Even 20 - 30 minutes of brisk walking a day, a few gym or cycling sessions a week or switching up the elevator for the stairs is beneficial. But if you feel flat like a pancake after exercise, you may be overtraining to the detriment of your immune system.

Quality Shut-Eye

If you want to snooze like a snorlax running may be your golden ticket to catching quality Zzz. But one super sweat session isn’t a magic fix to insomnia woes – studies have shown you may only reap the benefits after a minimum of 8 weeks of consistent exercise.

Timing is critical - squeeze in your workout no later than the early evening (or no less than 3 hours prior to bedtime) to prevent tossing and turning, as physical activity naturally elevates cortisol levels (the ‘stress’ hormone) temporarily, as well as body temperature.
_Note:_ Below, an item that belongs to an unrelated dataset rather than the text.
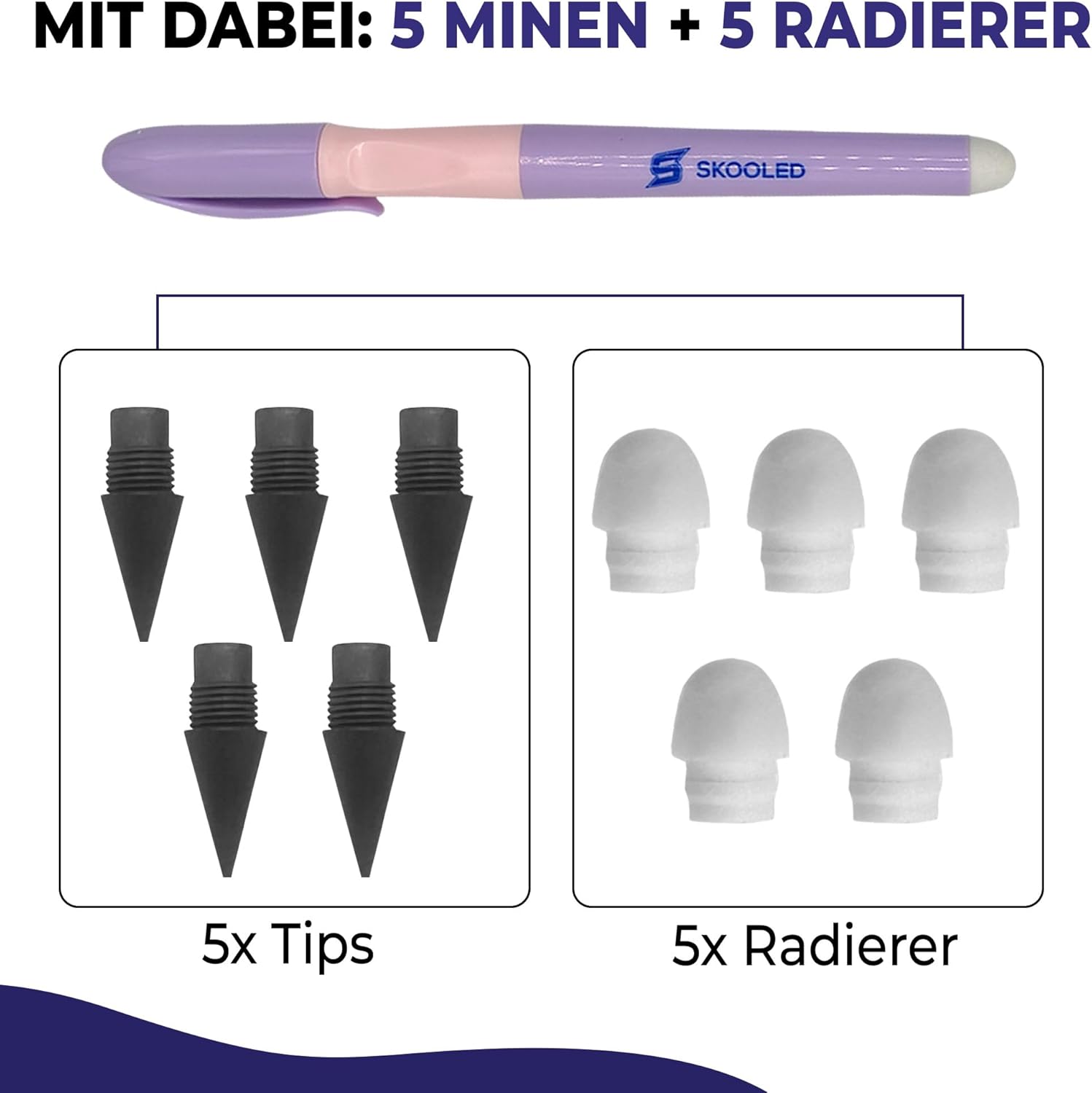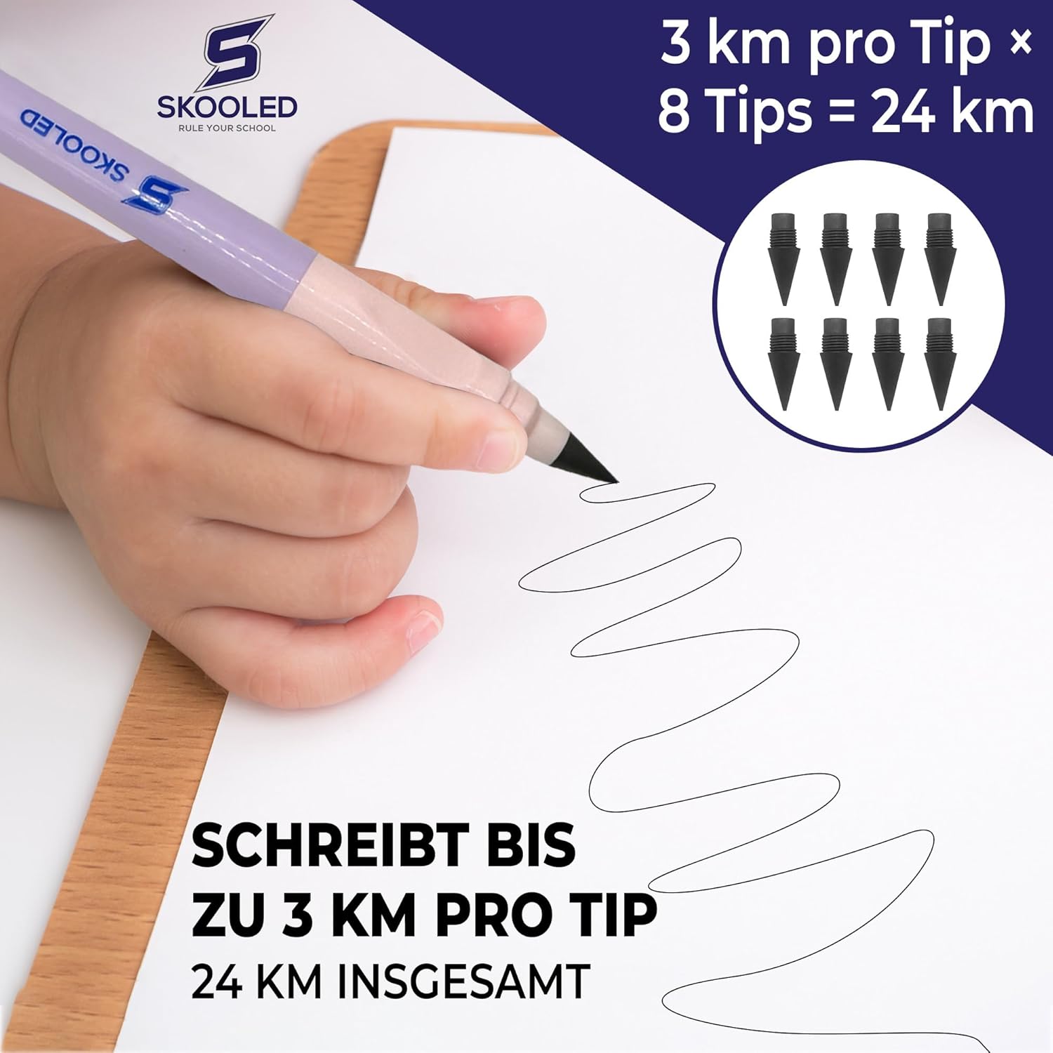 Never sharpen again – always ready: Schreibheld writes up to 24 km thanks to interchangeable leads (3 km per lead, 8 leads included).

The lowering of body temperature in the hours leading up to head-on-pillow action can act as a natural cue for your body to wind down and achieve quality shut-eye. But if you’re a night owl and it works for you, no probs!

Don’t be afraid to skip the treadmill for a session under the sun – running outdoors can keep your circadian rhythm or ‘body clock’ in sync with the natural day-night cycle, not only improving your sleep quality but boosting your vitamin D.

Cognitive Function

Running isn’t just a workout for your body, it’s a workout for your brain. It gives your brain a jolt of chemicals and in particular, boosts BDNF (brain-derived neurotrophic factor), a protein responsible for stimulating the growth and production of brain and nerve cells (neurogenesis) as well as increasing their overall health and survival.

But what does that mean for your brain - the organ that makes you, you?

Running and even moderate intensity exercises such as brisk walking may slow the aging of the brain, helping memories stick like gelato and improve your problem-solving and multi-tasking skills.

If you want to remember where you left your keys, play sudoku like a pro and ward off cognitive disorders such as Alzheimer’s disease, the first step could be… well… literally taking a step.

A one-off feat of super-human running isn’t going to turn you into the next Einstein (although you could totally rock his hairdo). The key is regular exercise – but trust us, with perseverance you can turn it into your healthy habit. In fact, it’ll feel weird not to run.